Central Texas and allies optimistic about development landscape

Published: Sat, 10/29/22

It could certainly be argued that Texas’ big cities are a ragtag band of siblings. Impeccably groomed, the eldest is an investment banker. While the middle child toils in the sun on an offshore oil rig, the youngest holds court at the local coffeehouse, extolling the virtues of flash poetry. But when push comes to shove, they all unite under one banner with a lone star. These competitive brothers and sisters know what’s good for any one of them, is good for the group. In this spirit of communion, the Austin Business Journal recently sat down for a panel discussion with industrial real estate leaders from the cities of Dallas, Houston and Austin.

Participating in the discussion were Cody Bailey, VP, Gordon Highlander; Otto Swingler, Co-founder, Balcones Real Estate Group; Brian Jarrett, Managing Director of Project Management, CBRE; Clayton Strolle, Director of Commercial, Westwood Professional Services (Pacheco Koch); Travis Hicks, SVP, Colliers; Sam Owen, Managing Director/Partner, Stream; Mo Green, KBC, and Keith Holley, Partner, Method Architecture. Gordon Highlander President Greg Gordon served as moderator.

GREG GORDON: As you may know, Dallas has been the market leader in industrial development, and then the pandemic hit, and it was like pouring gasoline on a fire – it just totally took off. Meanwhile, Austin seems like it’s gotten white-hot, really fast. So I’m just curious – at what point did that start heating up? Looking back over the last couple of years, what did that sprint look like during the pandemic, and what were the things you learned?

MO GREEN: I think all of us service providers, we’re propped up on leasing demand. I remember being at Hill when I first started in January 2018, and we had a 30,000-foot tenant and it was like, “This is the best deal ever!” We were thinking, “We’ve got to make this deal!” and now that tenant is an afterthought. It’s more a case of “We’ll give you a bay once we figure the rest out.” So I would love to hear your opinion on this leasing philosophy, with the historical tenant size moving up, and how that has affected your business in this pre-leasing environment.

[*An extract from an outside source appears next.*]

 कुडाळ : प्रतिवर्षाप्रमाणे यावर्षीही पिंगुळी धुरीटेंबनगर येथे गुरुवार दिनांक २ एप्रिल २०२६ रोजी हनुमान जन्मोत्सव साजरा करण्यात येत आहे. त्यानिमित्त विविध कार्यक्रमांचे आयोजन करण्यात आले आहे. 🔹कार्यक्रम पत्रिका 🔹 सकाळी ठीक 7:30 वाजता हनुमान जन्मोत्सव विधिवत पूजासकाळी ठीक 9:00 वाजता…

TRAVIS HICKS: We used to have a couple 100,000-square-foot tenant deals a year if we were lucky. Now it’s tough to track this. It’s amazing, this growth in tenant sizes in general, and that’s just the tip of the iceberg. We’re seeing sizes that we never, ever had in Austin – not that we’re a million-square-foot market – or that it will ever make sense, but people are actually kicking tires in that size range.

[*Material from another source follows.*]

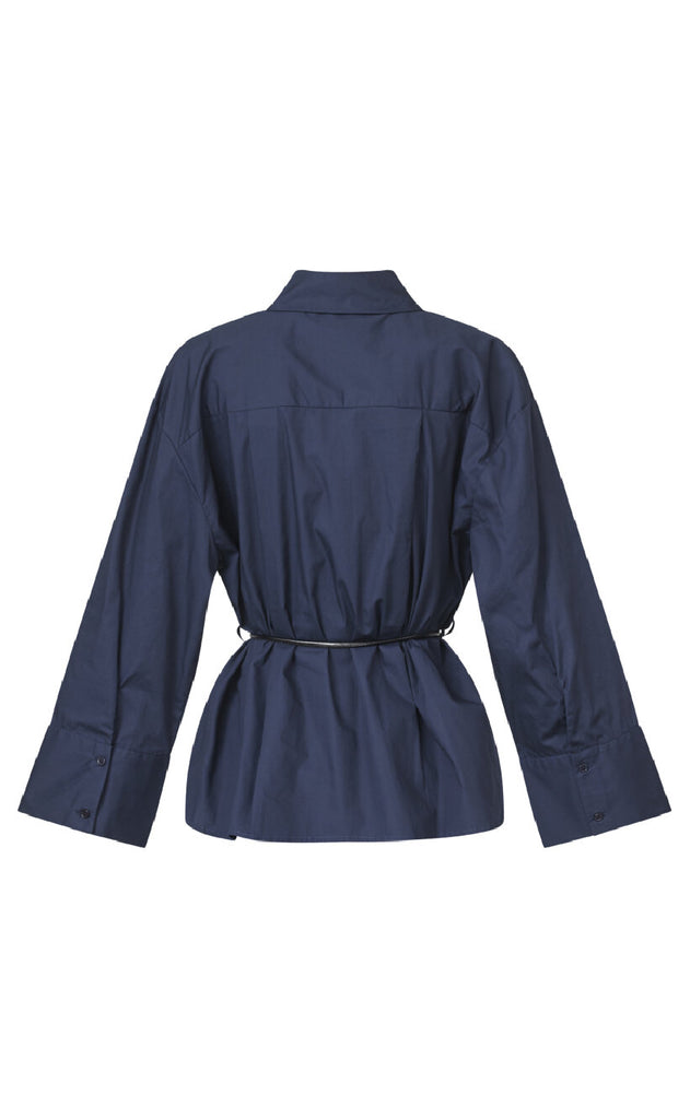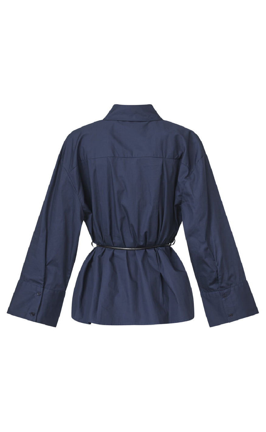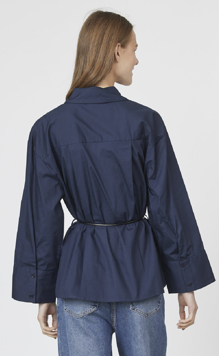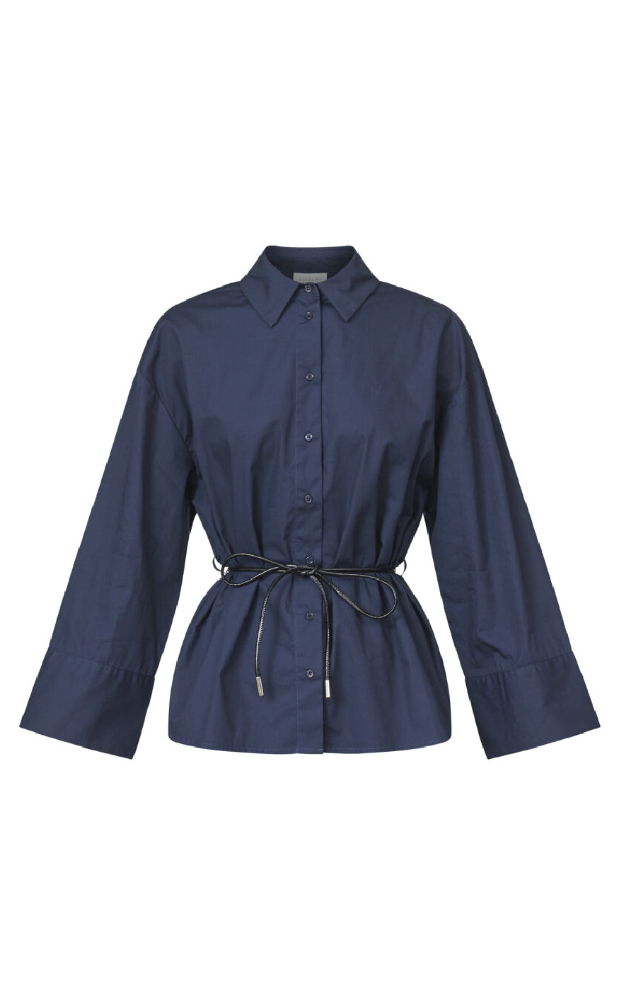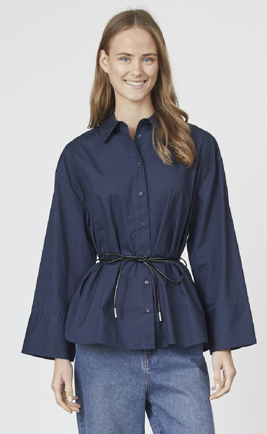 Flot skjorte fra Sisters Point i navy, med et læderbånd ved taljen.

KEITH HOLLEY: From an architectural standpoint, the formula has changed. The base building square footage has increased. We were doing the standard 180-190-foot depth front Parker loaders, but we’re doing 220 now. The site formula is changing, so we’re having to respond to that. We’re pushing NFPA rules, but there are ways to get around that – there’s a little fluidity in the code for some of those things. But yeah, it’s been a really interesting shift to see how some of those rules have been rewritten.

GREG: I think when the average reader thinks about growth, like with manufacturing, it just means more widgets. But the growth isn’t about more volume. The widgets have actually gotten bigger, and a lot more complicated. We got into this Class A office finish-out because we saw that some of these guys had warehouses in one location at three bucks a foot, but their office was downtown in the CBD. They started realizing they could be fully integrated and have a double Class A office finish-out right there in their manufacturing facility. So the way the deals have changed has been phenomenal.

SAM OWEN: 2020 was the scariest year and also the best year. It was actually a “timeout.” Everything needs to be close to the consumer, manufacturing needs to come back to the States, and oh – by the way – everybody wants to live in Austin. So it was a perfect storm, and then you throw in a giant EV auto manufacturer, and the semiconductor buildings, right? Everybody showed up, but the problem is, it’s hard to get into the party.

TRAVIS: Which is why the party is spreading out there further – outside of the border of Austin.

OTTO SWINGLER: You’ve seen developers from Houston, Atlanta, Chicago, Dallas, Los Angeles – they come here for the first time and do really well. If you really boil it down, you’re looking at a pretty small industrial market compared to most other major cities. San Antonio is more of a distribution hub than we are. It’s really important to build, ultimately –not just what capital markets want, and what you can get financing for, but what your tenants need. In a major way, Austin is very different. Look at EastGroup, or some of these groups that are building for 30,000-foot tenants – Majestic Realty or Northpoint, for example.

SAM: Also, it’s an international market now. You have more people interested in this city because of everything that’s going on. So you see Samsung and others willing to make a huge investment.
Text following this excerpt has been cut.